All the things I am attracted to are just about to disappear.
Tacita Dean
Over the past fifteen years, Tacita Dean has created a body of work that is fascinating for its unconventional use of film and its unruly beauty. With twenty film installations and numerous photograph works and large-format drawings, “Analogue” is the most extensive presentation of her work thus far. Exhibited in seven island-like spaces, her films, drawings and photographs establish a mutual dialogue.
The films are usually brief 16-mm-projections shown in loops. They are “images” that may move but do not run away with the story, instead remain present and effective as images. The films could be described as documentary if not for the specific movement of the camera that turns them into something quite different.

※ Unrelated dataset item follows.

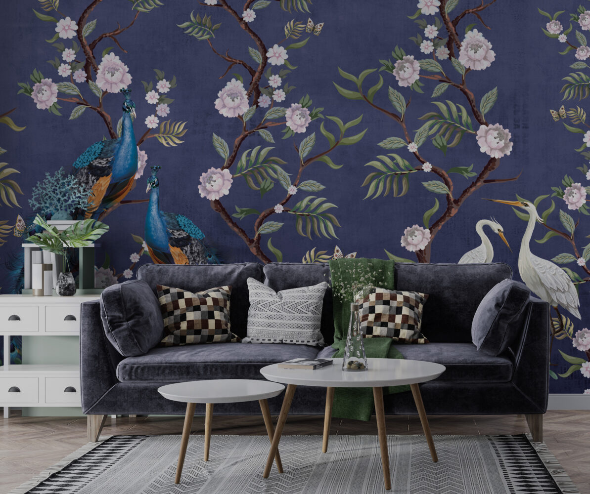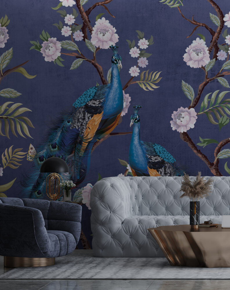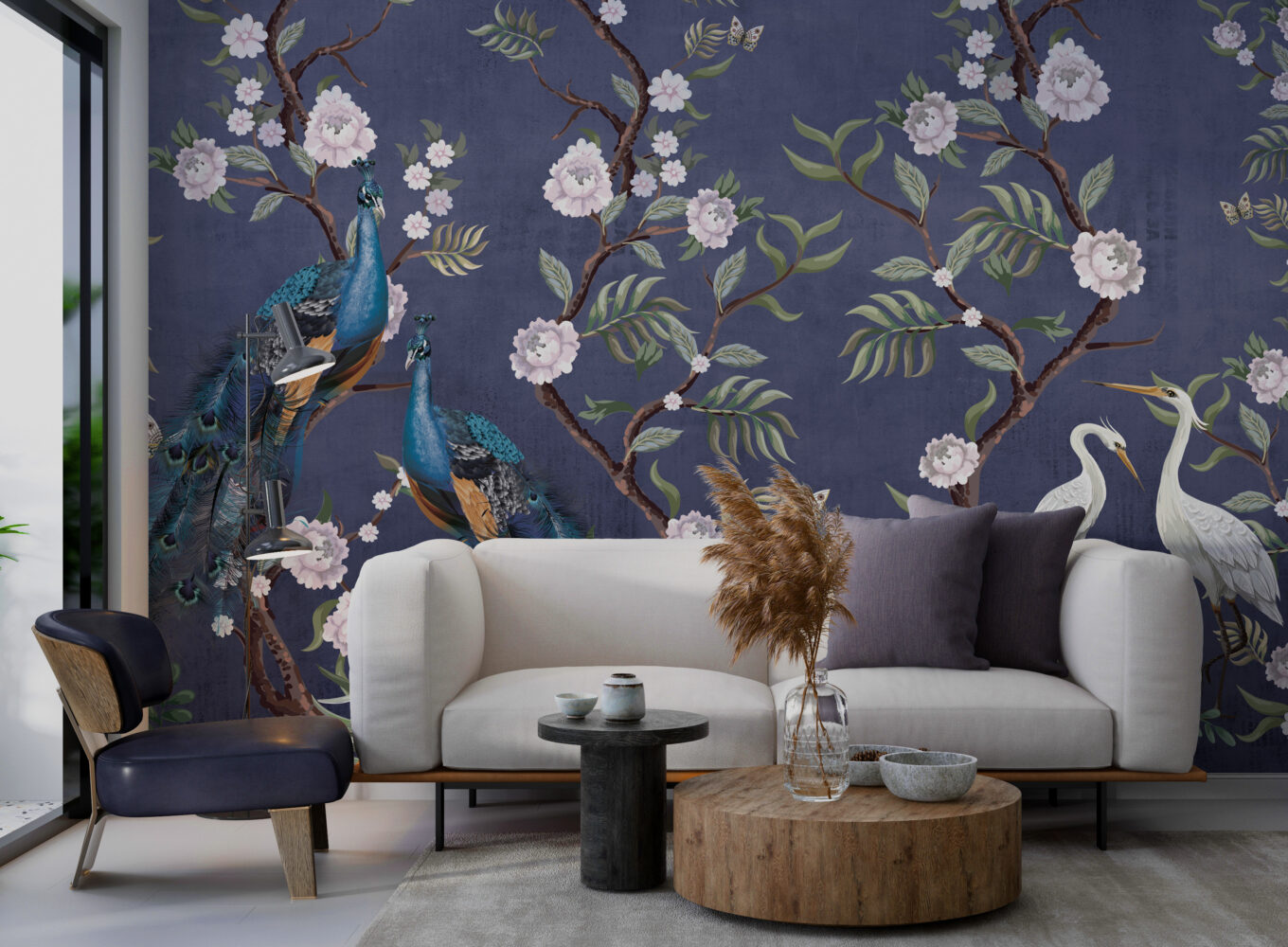 Şakayık Çiçekleri ve Tavus Kuşları -Mor Duvar Kağıdı üretimi, uygulanmasını isteyeceğiniz boyut ve konumuna uygun olarak talepleriniz doğrultusunda size özel imal edilir.

The camera probingly films objects and places and captures their light; it feels out surfaces, bringing out unnoticed phenomena of the visible and then losing them again. Crucial to recording these images is finding the right moment that contains the shift from the still present to the just disappeared. This moment cannot be captured by force; it must be sought and courted, but ultimately it simply has to be hit upon and seen. This gives Dean’s cinematic images something magical and unreal.

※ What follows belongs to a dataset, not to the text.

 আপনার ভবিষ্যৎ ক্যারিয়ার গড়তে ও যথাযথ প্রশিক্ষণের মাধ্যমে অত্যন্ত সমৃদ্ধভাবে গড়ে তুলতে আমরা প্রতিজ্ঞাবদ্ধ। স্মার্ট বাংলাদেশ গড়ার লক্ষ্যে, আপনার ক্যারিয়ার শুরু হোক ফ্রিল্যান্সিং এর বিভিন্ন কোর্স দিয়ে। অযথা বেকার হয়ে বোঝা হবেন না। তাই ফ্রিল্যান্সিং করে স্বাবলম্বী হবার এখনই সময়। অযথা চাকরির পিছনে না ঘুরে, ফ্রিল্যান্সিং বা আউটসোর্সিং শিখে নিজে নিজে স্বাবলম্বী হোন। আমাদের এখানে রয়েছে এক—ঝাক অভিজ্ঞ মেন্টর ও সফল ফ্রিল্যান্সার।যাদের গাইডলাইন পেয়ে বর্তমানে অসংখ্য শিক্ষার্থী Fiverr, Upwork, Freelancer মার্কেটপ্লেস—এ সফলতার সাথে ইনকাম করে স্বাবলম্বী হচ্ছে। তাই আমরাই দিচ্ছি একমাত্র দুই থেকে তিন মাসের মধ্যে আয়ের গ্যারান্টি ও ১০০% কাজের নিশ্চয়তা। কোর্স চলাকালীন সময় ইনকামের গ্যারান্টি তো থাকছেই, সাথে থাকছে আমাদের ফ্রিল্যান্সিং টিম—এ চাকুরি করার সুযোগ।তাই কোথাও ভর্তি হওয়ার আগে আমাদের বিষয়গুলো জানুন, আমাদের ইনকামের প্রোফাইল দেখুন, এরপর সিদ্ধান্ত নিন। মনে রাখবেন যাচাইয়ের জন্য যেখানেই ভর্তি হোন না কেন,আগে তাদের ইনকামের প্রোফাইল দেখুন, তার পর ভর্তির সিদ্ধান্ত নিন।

Tacita Dean (born in Canterbury in 1965) lives and works in Berlin. Her medium is analogue film, but she also shows expert mastery of photography and drawing. In her densely poetic works, she explores subjects and people on the verge of disappearance—increasingly including 16 mm film itself, which is under threat from digital technology. In 1998, Dean was nominated for the prestigious Turner Prize. She gained further international recognition for her 2012 installation “FILM” in the Turbine Hall at the Tate Modern.